An exact copy of every entry is needed here; the images stay out.

-- Provided records follows --

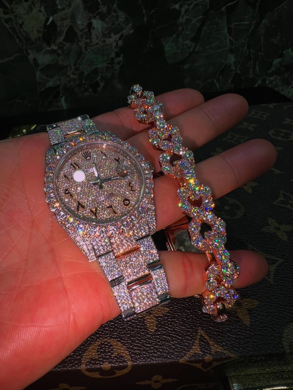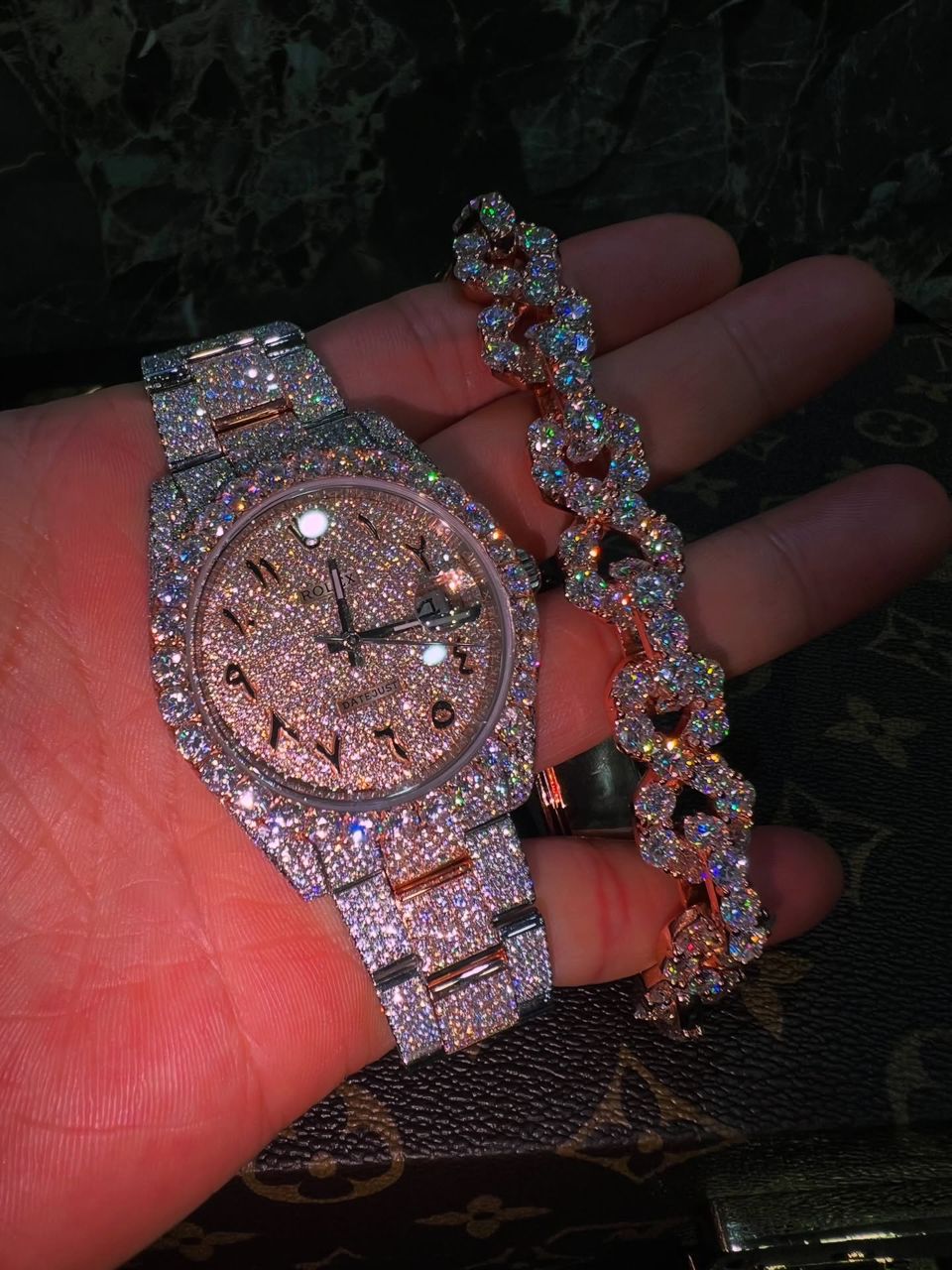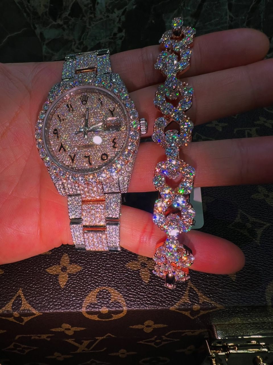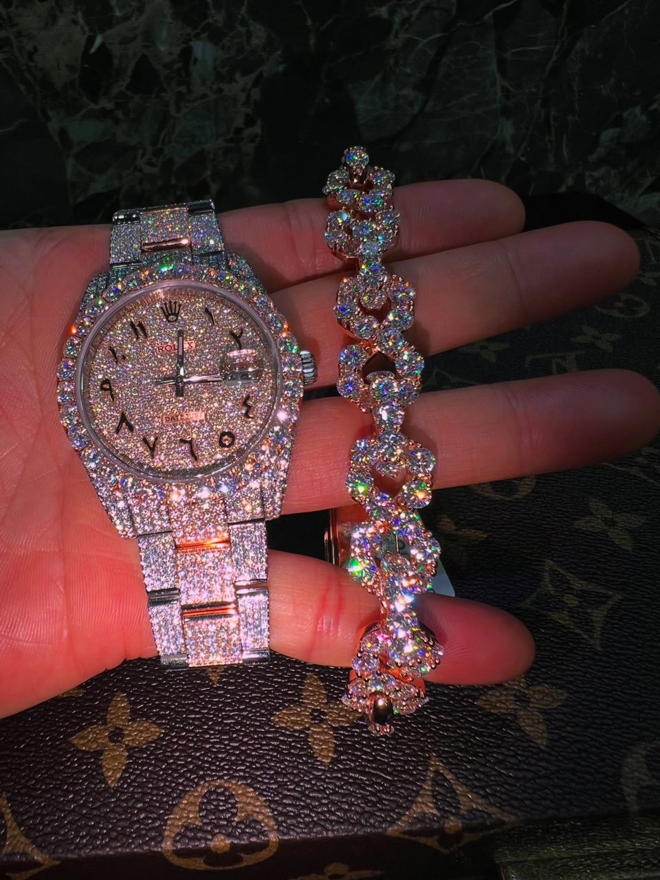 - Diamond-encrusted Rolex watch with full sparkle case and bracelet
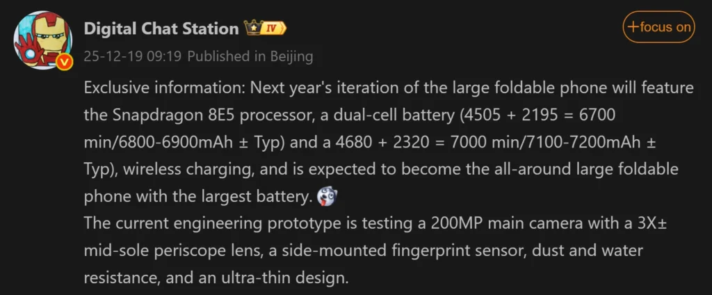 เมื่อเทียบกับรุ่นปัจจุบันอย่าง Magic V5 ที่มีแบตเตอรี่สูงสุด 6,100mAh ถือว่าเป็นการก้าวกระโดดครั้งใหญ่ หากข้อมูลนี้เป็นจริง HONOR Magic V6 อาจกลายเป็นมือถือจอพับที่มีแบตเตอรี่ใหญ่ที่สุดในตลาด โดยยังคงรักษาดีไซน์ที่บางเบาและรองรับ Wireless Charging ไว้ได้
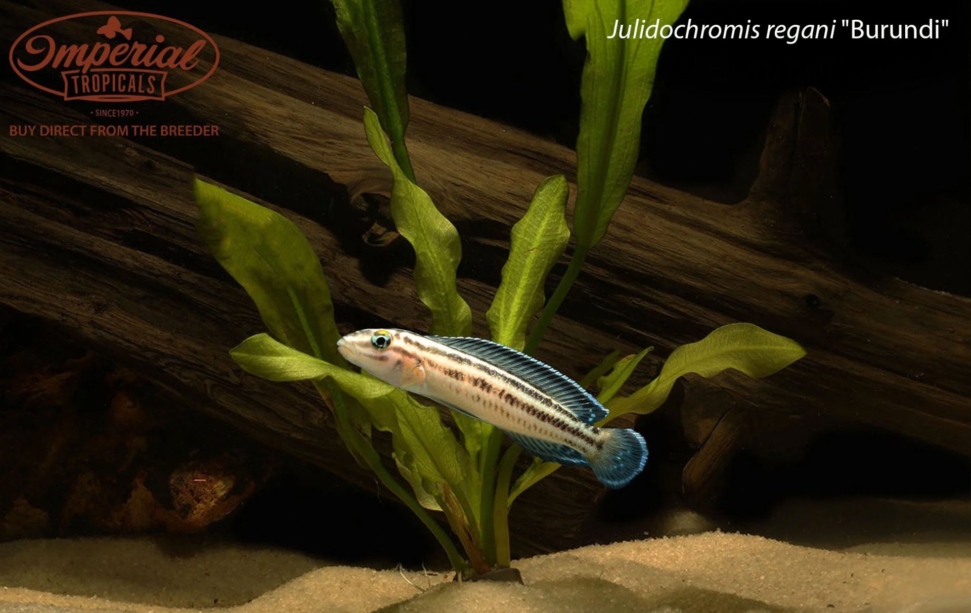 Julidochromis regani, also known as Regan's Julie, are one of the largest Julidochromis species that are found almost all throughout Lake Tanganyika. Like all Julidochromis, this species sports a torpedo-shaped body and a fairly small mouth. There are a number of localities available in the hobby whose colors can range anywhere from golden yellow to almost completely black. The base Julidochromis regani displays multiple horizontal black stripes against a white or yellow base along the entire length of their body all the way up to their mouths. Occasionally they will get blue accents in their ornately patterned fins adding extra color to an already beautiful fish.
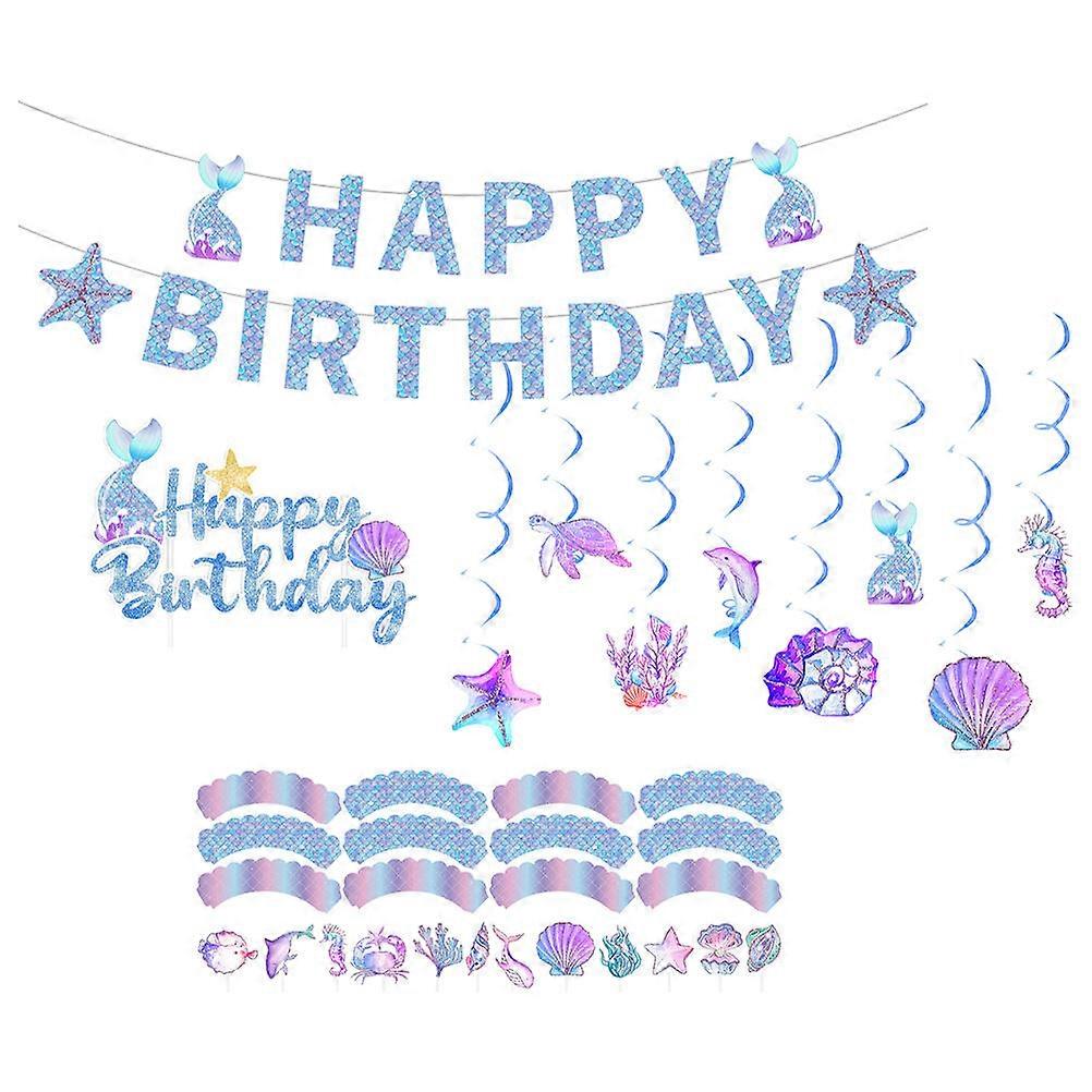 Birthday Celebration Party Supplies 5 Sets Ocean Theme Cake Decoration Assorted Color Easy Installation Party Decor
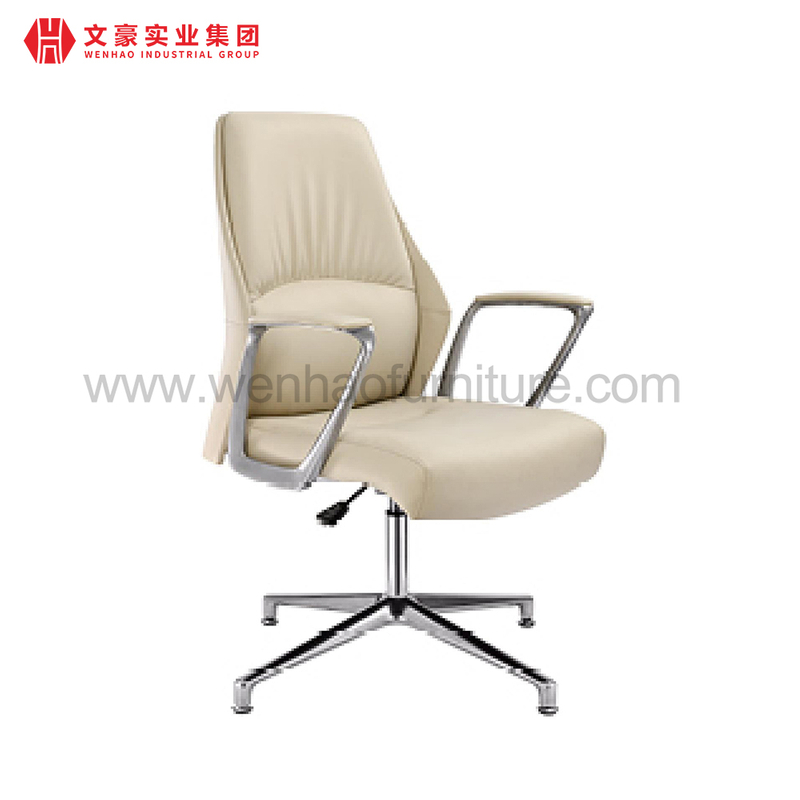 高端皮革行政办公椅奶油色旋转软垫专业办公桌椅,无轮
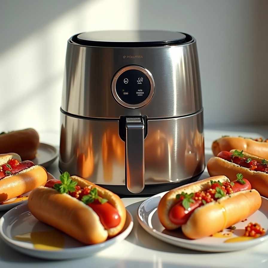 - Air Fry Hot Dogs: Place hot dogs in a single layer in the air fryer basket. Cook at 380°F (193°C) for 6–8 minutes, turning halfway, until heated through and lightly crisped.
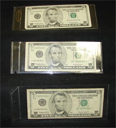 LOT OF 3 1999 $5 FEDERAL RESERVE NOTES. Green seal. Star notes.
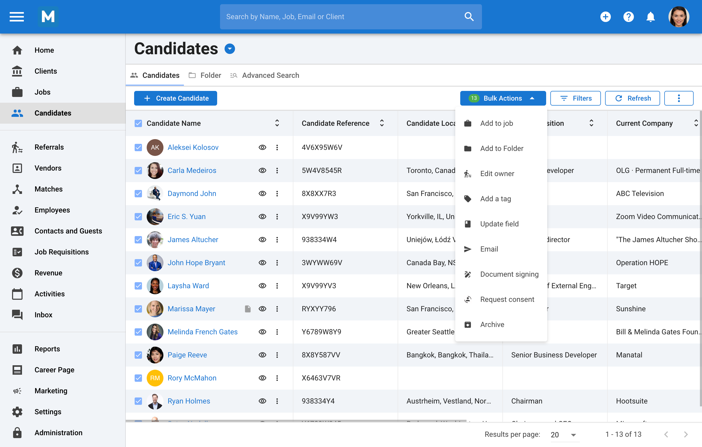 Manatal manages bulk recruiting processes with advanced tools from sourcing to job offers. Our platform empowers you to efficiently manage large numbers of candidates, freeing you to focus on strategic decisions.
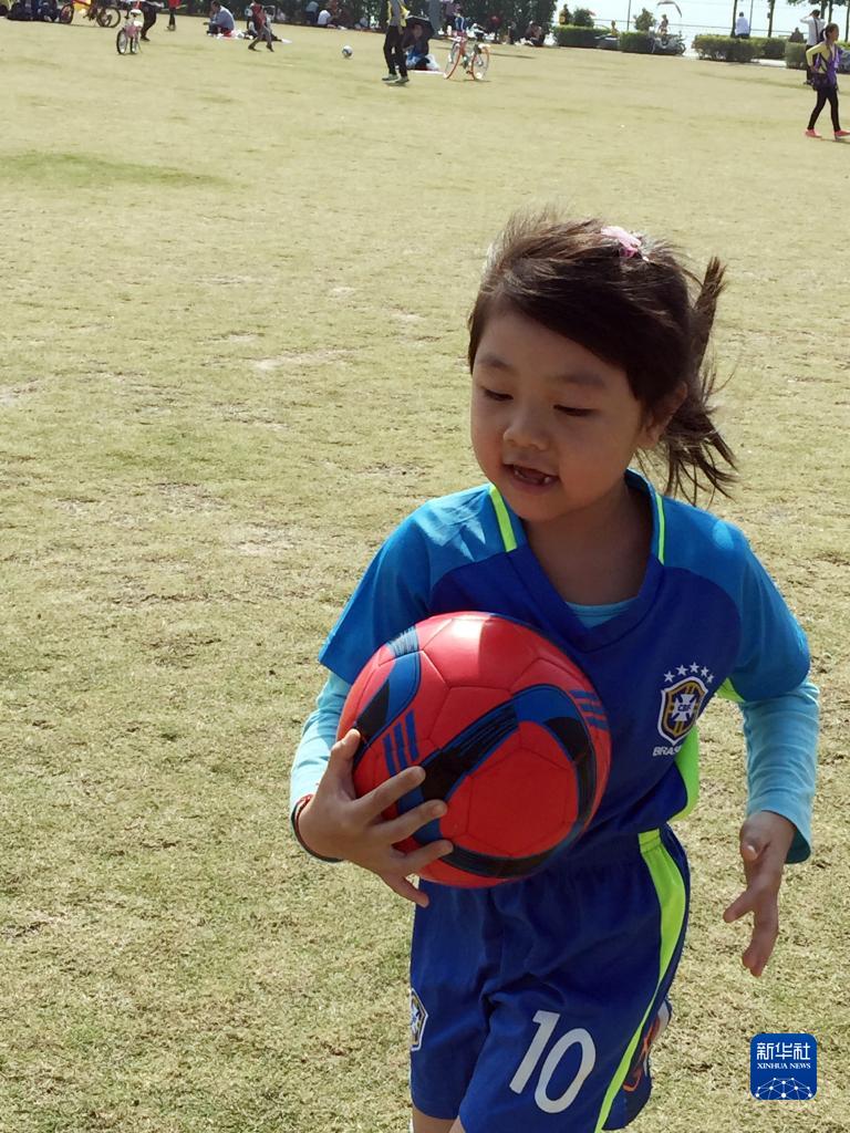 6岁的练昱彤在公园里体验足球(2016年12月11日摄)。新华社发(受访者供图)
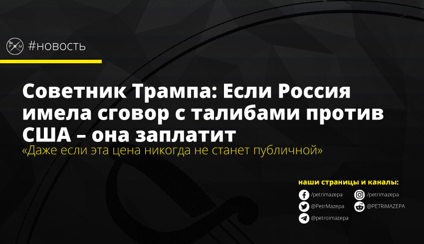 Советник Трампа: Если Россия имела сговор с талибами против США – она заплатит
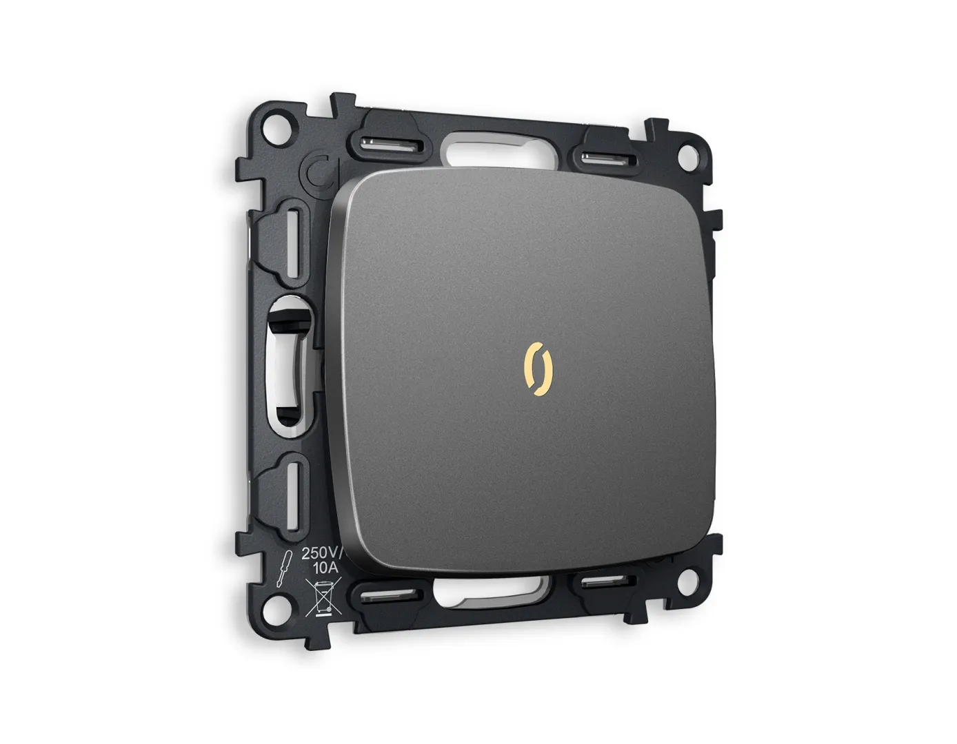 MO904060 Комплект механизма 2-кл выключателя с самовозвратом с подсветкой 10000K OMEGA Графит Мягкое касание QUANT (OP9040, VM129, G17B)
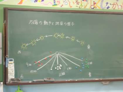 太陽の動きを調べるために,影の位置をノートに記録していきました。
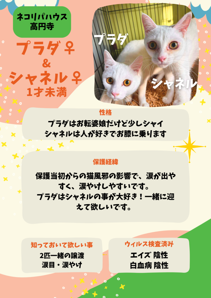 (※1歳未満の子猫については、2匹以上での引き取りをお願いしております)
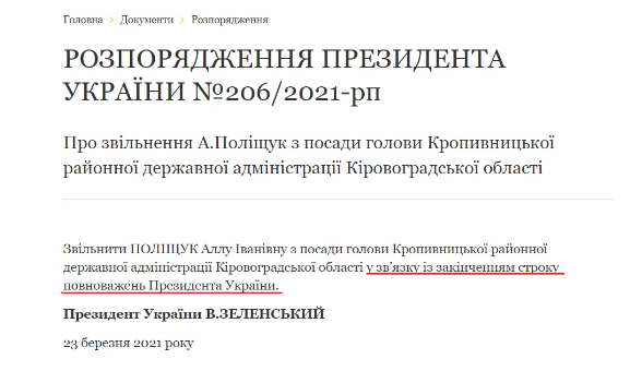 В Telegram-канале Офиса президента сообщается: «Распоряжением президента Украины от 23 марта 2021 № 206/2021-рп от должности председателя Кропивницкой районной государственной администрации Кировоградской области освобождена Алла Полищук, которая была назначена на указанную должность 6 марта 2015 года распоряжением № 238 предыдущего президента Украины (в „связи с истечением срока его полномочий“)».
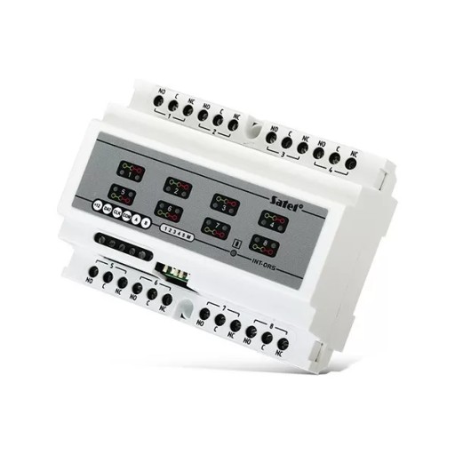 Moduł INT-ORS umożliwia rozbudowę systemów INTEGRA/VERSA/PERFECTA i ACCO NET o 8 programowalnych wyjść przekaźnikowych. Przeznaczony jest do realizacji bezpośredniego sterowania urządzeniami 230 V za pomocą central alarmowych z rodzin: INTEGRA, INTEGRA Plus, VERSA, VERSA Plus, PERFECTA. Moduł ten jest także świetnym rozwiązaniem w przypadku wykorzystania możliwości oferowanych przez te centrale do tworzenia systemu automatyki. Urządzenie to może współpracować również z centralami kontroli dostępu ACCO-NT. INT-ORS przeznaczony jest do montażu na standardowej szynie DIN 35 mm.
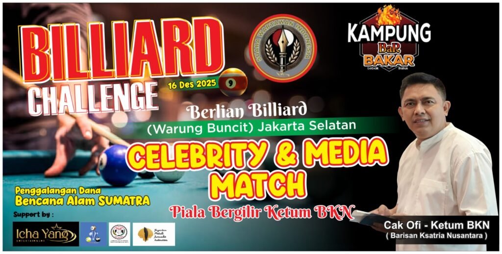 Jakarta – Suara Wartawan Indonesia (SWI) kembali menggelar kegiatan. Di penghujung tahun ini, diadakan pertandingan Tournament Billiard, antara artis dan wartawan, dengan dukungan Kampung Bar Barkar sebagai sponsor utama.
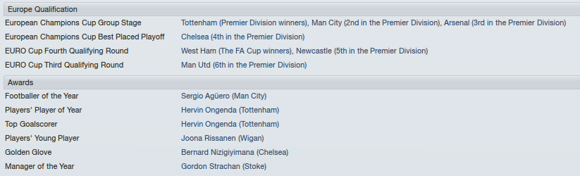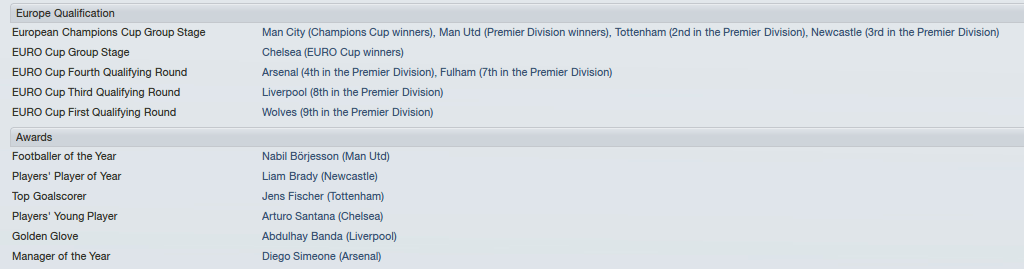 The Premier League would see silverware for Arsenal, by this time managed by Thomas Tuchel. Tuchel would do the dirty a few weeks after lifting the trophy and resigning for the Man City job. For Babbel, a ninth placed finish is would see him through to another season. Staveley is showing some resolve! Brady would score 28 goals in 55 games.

-- Provided records concluded --

**Your solution**
 - Diamond-encrusted Rolex watch with full sparkle case and bracelet
 เมื่อเทียบกับรุ่นปัจจุบันอย่าง Magic V5 ที่มีแบตเตอรี่สูงสุด 6,100mAh ถือว่าเป็นการก้าวกระโดดครั้งใหญ่ หากข้อมูลนี้เป็นจริง HONOR Magic V6 อาจกลายเป็นมือถือจอพับที่มีแบตเตอรี่ใหญ่ที่สุดในตลาด โดยยังคงรักษาดีไซน์ที่บางเบาและรองรับ Wireless Charging ไว้ได้
 Julidochromis regani, also known as Regan's Julie, are one of the largest Julidochromis species that are found almost all throughout Lake Tanganyika. Like all Julidochromis, this species sports a torpedo-shaped body and a fairly small mouth. There are a number of localities available in the hobby whose colors can range anywhere from golden yellow to almost completely black. The base Julidochromis regani displays multiple horizontal black stripes against a white or yellow base along the entire length of their body all the way up to their mouths. Occasionally they will get blue accents in their ornately patterned fins adding extra color to an already beautiful fish.
 Birthday Celebration Party Supplies 5 Sets Ocean Theme Cake Decoration Assorted Color Easy Installation Party Decor
 高端皮革行政办公椅奶油色旋转软垫专业办公桌椅,无轮
 - Air Fry Hot Dogs: Place hot dogs in a single layer in the air fryer basket. Cook at 380°F (193°C) for 6–8 minutes, turning halfway, until heated through and lightly crisped.
 LOT OF 3 1999 $5 FEDERAL RESERVE NOTES. Green seal. Star notes.
 Manatal manages bulk recruiting processes with advanced tools from sourcing to job offers. Our platform empowers you to efficiently manage large numbers of candidates, freeing you to focus on strategic decisions.
 6岁的练昱彤在公园里体验足球(2016年12月11日摄)。新华社发(受访者供图)
 Советник Трампа: Если Россия имела сговор с талибами против США – она заплатит
 MO904060 Комплект механизма 2-кл выключателя с самовозвратом с подсветкой 10000K OMEGA Графит Мягкое касание QUANT (OP9040, VM129, G17B)
 太陽の動きを調べるために,影の位置をノートに記録していきました。
 (※1歳未満の子猫については、2匹以上での引き取りをお願いしております)
 В Telegram-канале Офиса президента сообщается: «Распоряжением президента Украины от 23 марта 2021 № 206/2021-рп от должности председателя Кропивницкой районной государственной администрации Кировоградской области освобождена Алла Полищук, которая была назначена на указанную должность 6 марта 2015 года распоряжением № 238 предыдущего президента Украины (в „связи с истечением срока его полномочий“)».
 Moduł INT-ORS umożliwia rozbudowę systemów INTEGRA/VERSA/PERFECTA i ACCO NET o 8 programowalnych wyjść przekaźnikowych. Przeznaczony jest do realizacji bezpośredniego sterowania urządzeniami 230 V za pomocą central alarmowych z rodzin: INTEGRA, INTEGRA Plus, VERSA, VERSA Plus, PERFECTA. Moduł ten jest także świetnym rozwiązaniem w przypadku wykorzystania możliwości oferowanych przez te centrale do tworzenia systemu automatyki. Urządzenie to może współpracować również z centralami kontroli dostępu ACCO-NT. INT-ORS przeznaczony jest do montażu na standardowej szynie DIN 35 mm.
 Jakarta – Suara Wartawan Indonesia (SWI) kembali menggelar kegiatan. Di penghujung tahun ini, diadakan pertandingan Tournament Billiard, antara artis dan wartawan, dengan dukungan Kampung Bar Barkar sebagai sponsor utama.
 The Premier League would see silverware for Arsenal, by this time managed by Thomas Tuchel. Tuchel would do the dirty a few weeks after lifting the trophy and resigning for the Man City job. For Babbel, a ninth placed finish is would see him through to another season. Staveley is showing some resolve! Brady would score 28 goals in 55 games.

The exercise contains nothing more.